Despite ongoing efforts to portray Hindu India as the only authentic India, the truth of Kerala’s first mosque is impossible to deny. The Muziris Heritage Project is also collecting histories of South Asia’s first synagogue and church, both present in Kodungallur, making it clear that India has been home to all Abrahamic faiths for centuries. The glory days of the old port of Muziris may be a memory today, but its spirit survives in the ancient mosque, church and temples that remain in daily use. One of the oldest surviving Jews in Kerala, a 79-year-old named Namia, has been living in his ancestral home all his life. Meeting New Lines at this home, he smiled as he described the cultural mosaic of his town, saying, “This is my birthplace, the only home I know and I have, so all of us living together has always been the case here. It is all natural for me.”

Namia, one of Kerala’s oldest surviving Jews, at his home in Kodungallur. (Seema Chishti)

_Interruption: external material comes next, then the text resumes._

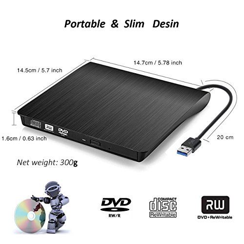 [CLASSIC APPEARANCE, USB 3.0 INTERFACE] The CD/DVD drive and the USB cable are combined in one. Embedded USB cable design, easy for storage. Ultrl Slim portable size is equipped with USB 3.0 high speed interface, bringing you faster data transfer speed and stable performance, compatible with USB 2.0 and USB 1.0

In its long history, India has seen episodes of harmonious coexistence as well bitter conflict. How Indians choose to interpret their past speaks more about them today than the reality of their ancestors’ lives. India must decide if it is a country looking for internal villains, by presenting the destruction of the Babri Masjid 30 years ago as a symbol of slavery avenged, or if it wants to look at the quiet Cheraman Juma Masjid by the Arabian Sea, which tells a very different story about Islam’s birth in the subcontinent, one of coexistence with Hinduism and other faiths, enduring now for over a millennium.